* [WORK ITEM] Copy the data exactly from the line that contains "11 листопада канцлер" through the line that contains "作为同样身处三秦大地的新时代", keeping both end lines and leaving out everything else.

* [SUPPLIED DATA]
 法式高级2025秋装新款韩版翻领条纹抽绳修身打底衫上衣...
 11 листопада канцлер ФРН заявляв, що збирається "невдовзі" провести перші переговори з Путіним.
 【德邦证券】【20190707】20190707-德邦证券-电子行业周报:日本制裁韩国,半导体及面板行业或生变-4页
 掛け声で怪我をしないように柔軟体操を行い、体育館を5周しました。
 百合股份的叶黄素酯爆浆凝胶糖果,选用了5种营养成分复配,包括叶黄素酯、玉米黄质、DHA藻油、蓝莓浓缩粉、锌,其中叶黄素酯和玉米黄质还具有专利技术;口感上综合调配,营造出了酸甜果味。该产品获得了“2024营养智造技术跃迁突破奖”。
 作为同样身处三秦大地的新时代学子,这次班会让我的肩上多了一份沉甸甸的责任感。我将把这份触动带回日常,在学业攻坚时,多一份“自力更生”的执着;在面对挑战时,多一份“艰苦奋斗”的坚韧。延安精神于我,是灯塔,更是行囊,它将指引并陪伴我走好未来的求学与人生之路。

* * *

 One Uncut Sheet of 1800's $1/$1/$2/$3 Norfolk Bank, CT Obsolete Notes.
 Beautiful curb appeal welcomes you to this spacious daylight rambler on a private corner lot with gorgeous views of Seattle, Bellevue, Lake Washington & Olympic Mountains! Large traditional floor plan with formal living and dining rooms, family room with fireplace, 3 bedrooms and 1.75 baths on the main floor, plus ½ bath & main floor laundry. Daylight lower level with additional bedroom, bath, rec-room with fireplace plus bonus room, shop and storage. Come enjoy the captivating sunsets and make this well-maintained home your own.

* [RESPONSE]
 11 листопада канцлер ФРН заявляв, що збирається "невдовзі" провести перші переговори з Путіним.
 【德邦证券】【20190707】20190707-德邦证券-电子行业周报:日本制裁韩国,半导体及面板行业或生变-4页
 掛け声で怪我をしないように柔軟体操を行い、体育館を5周しました。
 百合股份的叶黄素酯爆浆凝胶糖果,选用了5种营养成分复配,包括叶黄素酯、玉米黄质、DHA藻油、蓝莓浓缩粉、锌,其中叶黄素酯和玉米黄质还具有专利技术;口感上综合调配,营造出了酸甜果味。该产品获得了“2024营养智造技术跃迁突破奖”。
 作为同样身处三秦大地的新时代学子,这次班会让我的肩上多了一份沉甸甸的责任感。我将把这份触动带回日常,在学业攻坚时,多一份“自力更生”的执着;在面对挑战时,多一份“艰苦奋斗”的坚韧。延安精神于我,是灯塔,更是行囊,它将指引并陪伴我走好未来的求学与人生之路。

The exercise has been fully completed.